Search code examples
elasticsearchtime-seriesinfluxdb

Influxdb(single node) scaling to ~200 writes per second


What is the maximum number of points that can be written to influxdb (single node) per second? Is it feasible to scale influxdb without going for the paid cluster? And should I consider elasticsearch instead of influxdb for time series data (~3000 bytes/sec/user) if I am expecting around 60 concurrent users?


Solution

  • Depends on hardware.

    Limiting factors are

    • Cardinality of series in the DB (total unique series)
    • WAL disk throughput (this could be put on tmpfs if you don't have SSD)
    • Data disk throughput (use SSD for best results)
    • RAM (more is better)
    • CPU for ingestion, indexing and queries

    How far a single node can go largely depends on these and on the workload.

    For write-heavy workloads of low cardinality, CPU generally tends to run out faster than anything else, assuming SSDs are used and disk I/O has been optimised accordingly.

    After that, cardinality is the biggest limiting factor.

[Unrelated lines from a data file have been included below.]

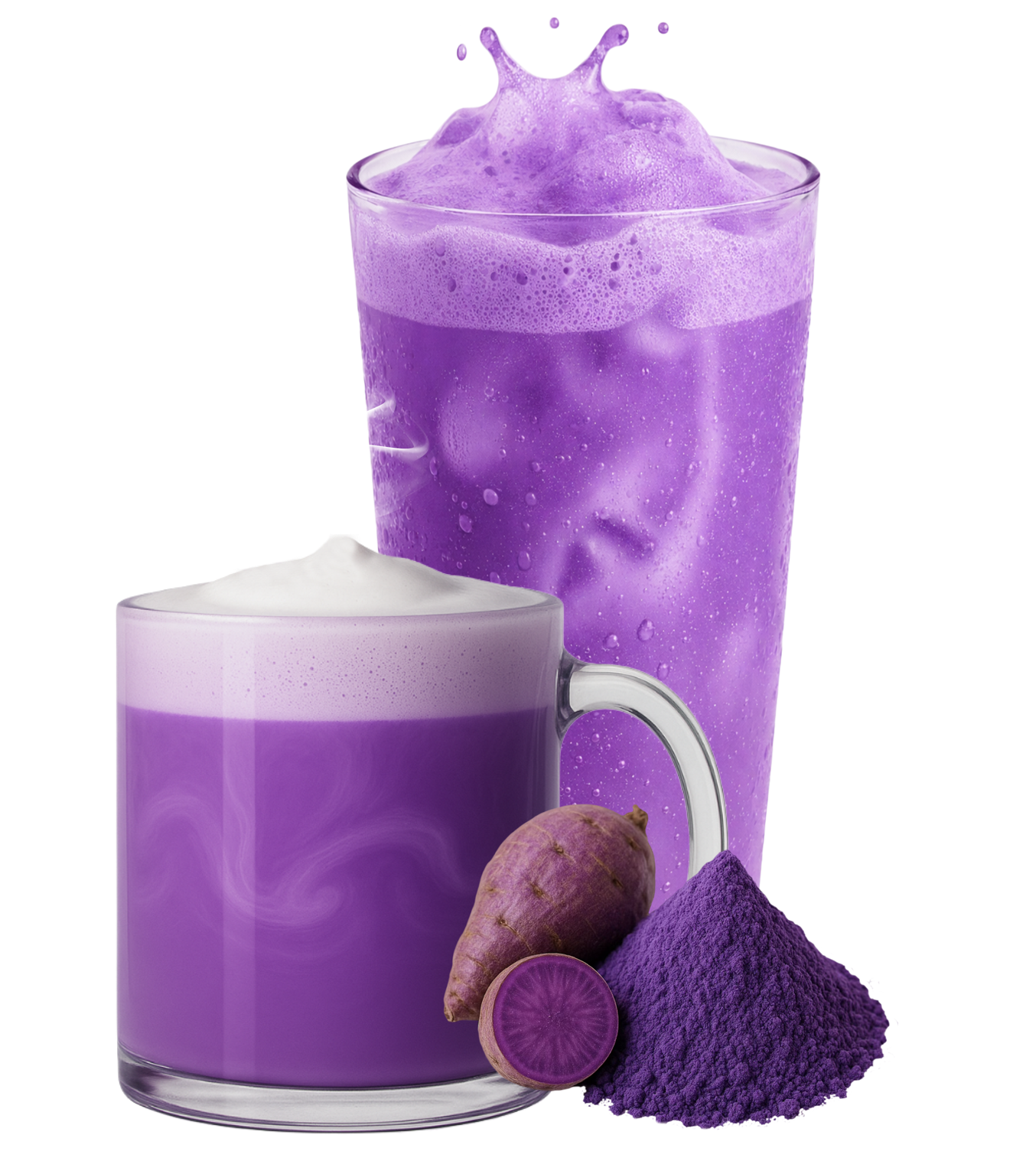 A creamy, violet-hued latte crafted with 100% pure purple sweet potato powder and organic oat milk powder.
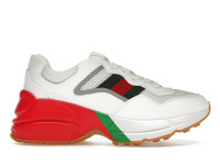 With its recognizable oversized sole and chunky construction, the Rhyton is introduced in leather effect fabric in contrasting colors. A message about leaving fashion’s old rules behind, the Epilogue collection conveys the idea that pieces should be timeless–not just in fashion for one season. Speaking to this theme, signature House styles are reimagined in new ways. - White leather effect fabric, white mesh and gray reflective fabric - Women's - Green and red Web - Lining contains leather made through an innovative scrap-less process that minimizes the production of finished leather scraps and decreases the consumption of new natural resources compared to traditional methods. Laces contains organic cotton where the cultivation and manufacturing process restrict the use of chemicals, eliminate pesticides or artificial fertilizers and incorporate methods that respect biodiversity, improve soil quality, and reduce water consumption. - Rubber sole - Gucci logo tag - 1.8" height - Made in Italy
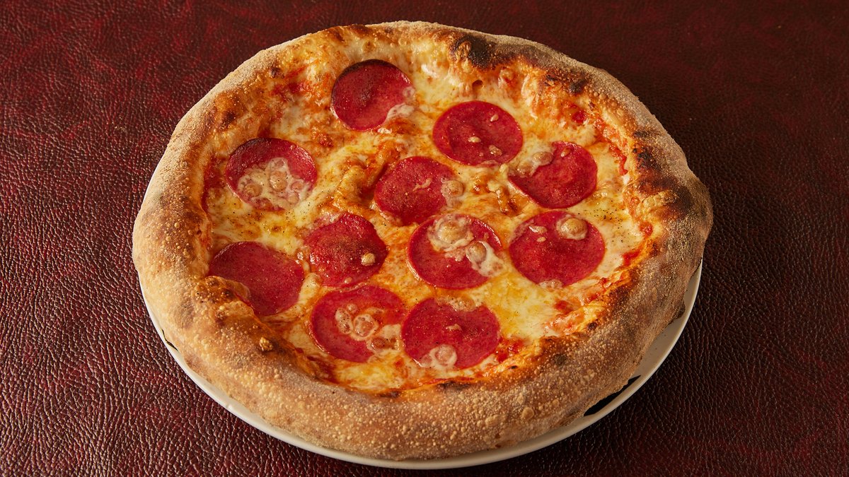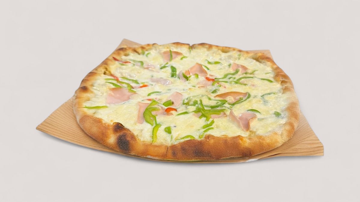 Σάλτσα ντομάτας, μοτσαρέλα, πιπεριές, φρέσκα μανιτάρια, καβουρμά, μοσχαρίσιο λουκάνικο και βοδινό λουκάνικο
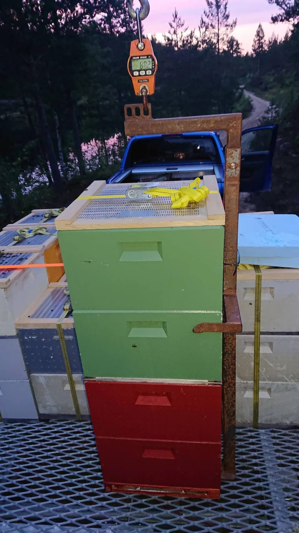 Midten: Krana er påmontert en egenprodusert pallegaffel til å løfte tilpassede kubepaller. Familien Treldal/Lia forteller at den løsningen fungerer topp til vandring og andre tyngre transportoppgaver i birøkten.

Schema design plays a huge role, much bigger than number of nodes.

    From some benchmarks I have done, a single node easily scales to ~70K series per second, with CPU being the limiting factor. This was on an old version though, likely higher than that now. Again, largely depends on data and schema design.

    It is feasible to scale it without paid cluster by adding separate nodes, but not if you want to keep a homogeneous view (single source of all your data). Scaling vertically (more CPU, RAM) works only as long as cardinality remains consistent, meaning more data points for roughly same number of series.

    InfluxDB suggest up to 250K writes / second with 25 queries per second on up to 1M unique queries is feasible on a single node. See hardware guidelines.

    For the amount of data you have single node is more than enough - size of data does not matter, number of series does. Avoid elasticsearch for time series data - needs much more infrastructure to handle same amount of data.